# Reverse loops



## G1techyguy (Jun 19, 2008)

Can someone explain to me excatly what a reverse loop is, I think i understand the basic concept, but how do you eliminate the short?
Do I need some kind of device to supply the power separately? any info anyone can offer is great!
I am new to this train scene, I have always wanted a model train (had one as a child, old dc) so, just pretend that i wont understand any lingo you old train guys have, so keep it simple. Thanks.
Trev


----------



## smokey (Mar 6, 2008)

The easiest way to wire a reverse loop is with an Atlas controller or twin when using dc. With dcc, they have auto-detectors that do it for you.

Basically, you're reversing polarity to the rest of the track while your train is on the loop, that way as it comes off, the polarity of the rest of the track matches. Reverse loops must be fully insulated of the rest of the track, both in dc and dcc.

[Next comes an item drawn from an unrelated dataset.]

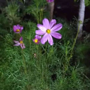 夜道で出会ったコスモス (個人宅の庭ではございません) スマホライトなしで撮影! 画像加工もなし! 街灯のみでこんなにピンクがしっかりとわかるのすごくないですか😄

There are other ways of doing this than the Atlas parts, but they're by far the easiest for us beginners :laugh:

Help?!


----------



## Boston&Maine (Dec 19, 2007)

Here is one more reason why I like O scale, no need to go through any of this for a reverse loop... The third rail is so nice to have, LOL


----------



## G1techyguy (Jun 19, 2008)

so do i have to have a controller? right now, i have an insulated loop, but i supplied the power from my NCE power cab controller, this seems to work ok, will i damage anything?
By the way, i really wish i could read the chinese,japanonese, or whatever it is that you responded in fghgjdh8, the rest of you, thanks for your replies, one thing i dont get smokey, i thought that dcc loco's did the polarity switching, i guess thats not the case, huh?


----------



## smokey (Mar 6, 2008)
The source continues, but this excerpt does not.